Many of the materials we use for everyday life are buried deep beneath the ground, so we mine to extract them. And we continue to do so despite the adverse effects this has on our environment.
Some of the damage mining inflicts on our communities comes from the ore waste known as tailings. The tailings waste is often stored on-site in dams after forming during the extraction process. These dams contain contaminated liquid that can leak into the local drinking supply and soil.
A leak like this occurred on 25 January 2019 when a tailings dam collapsed at an iron mine near Brumadinho, Brazil. This collapse killed 259 people and damaged huge areas of agricultural land and forests. But environment charity Earthworks is hoping that by implementing its Safety First report, accidents like this could be greatly reduced
While international standards on tailings already exist, Earthworks feels these regulations “do not go far enough to adequately protect communities and ecosystems from failures”. So it’s produced a report with “16 Guidelines for Responsible Mine Tailings Management”. The nonprofit organisation says its report:
outlines guidelines for safety, respect for affected communities, and corporate accountability that must be incorporated into any tailings standards or regulations.
And in doing so, the “document also recognizes that the safest tailings facility is the one that is not built”.
The disaster in Brumadinho was not the first of its kind. In November 2015, there was a similar disaster just 78 miles away. On that occasion, 19 people died.
Following the 2019 disaster, differing organisations, including some which have an interest in mining and international investment, assembled to set new standards for tailings. These are due out this year.
And it’s important that we get these standards right. Because damage done to people and the environment can be long-lasting and even irreversible.
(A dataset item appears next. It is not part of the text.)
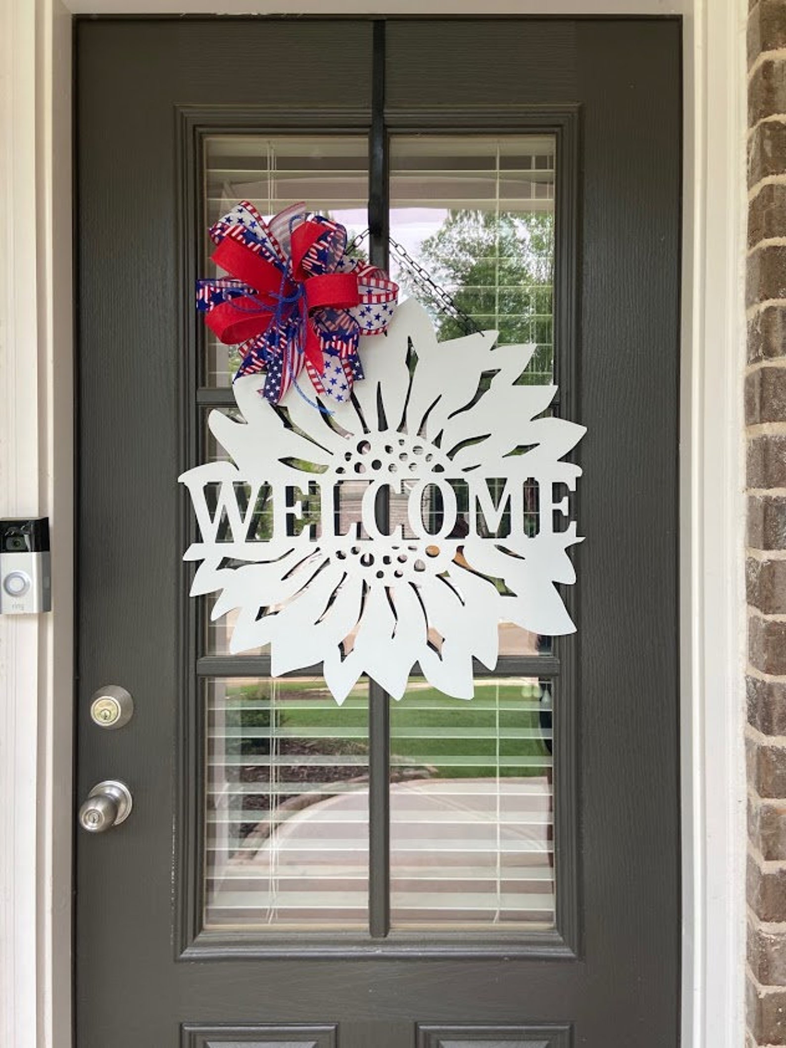 18 INCH DECOR – Perfect size for front doors of townhomes, condos and apartments – empty space beside your front door – patios – eaves – pool areas – barns/workshops – gates and attaching to the front of wreaths. Great gifts for new couples – first homes together – engagements – birthdays – special occasions – and just because.

On 24 February, the Conversation reported:
Over the past 100 years, more than 300 mine tailing dams worldwide have failed, mainly due to foundation weakening, seepage, overtopping and earthquake damage.
It went on to say:
This issue is especially urgent now in a region of the Pacific Northwest where Alaska and British Columbia meet. This zone, known as the Golden Triangle, is studded with mineral claims and leases. We believe that rivers in this area could be severely damaged if proposed mega-projects are allowed to proceed.
Meanwhile, Dalradian Gold Ltd’s controversial goldmine plan for the Sperrin Mountains in County Tyrone claims it won’t use a tailing dam. However, a report by Steven H. Emerman of Utah Valley University disputes this. His evaluation of Dalradian’s application highlights the dangers this dam could pose, and states:
The tailings dam for the proposed Curraghinalt Gold Project, County Tyrone, Northern Ireland, would lack the drainage infrastructure necessary to prevent failure of the dam. The proposal lacks any analysis of the consequences of failure, although there would be numerous houses within 1000 meters downslope from the dam. The predicted water consumption rate is less than 10% of gold mining standards”
We will monitor our impact on all of these measures. The mine is designed to limit the disruption to its surroundings. We will use dry stack tailings (“DST”), instead of a tailings dam or pond. DST is widely recognized as the most stable, sustainable method for managing mine tailings and allows rehabilitation to take place during operations. Read more about dry stack tailings, as it relates to building a safe and environmentally responsible mine.
The safest tailings facility is the one that is not built.
The material possessions our society thinks it needs are meaningless unless we’re kind to our planet. However, capitalist corporations have failed the planet with their profit-centred approach. So it would appear that the best way to guarantee the safety of tailings is to make sure they don’t exist at all.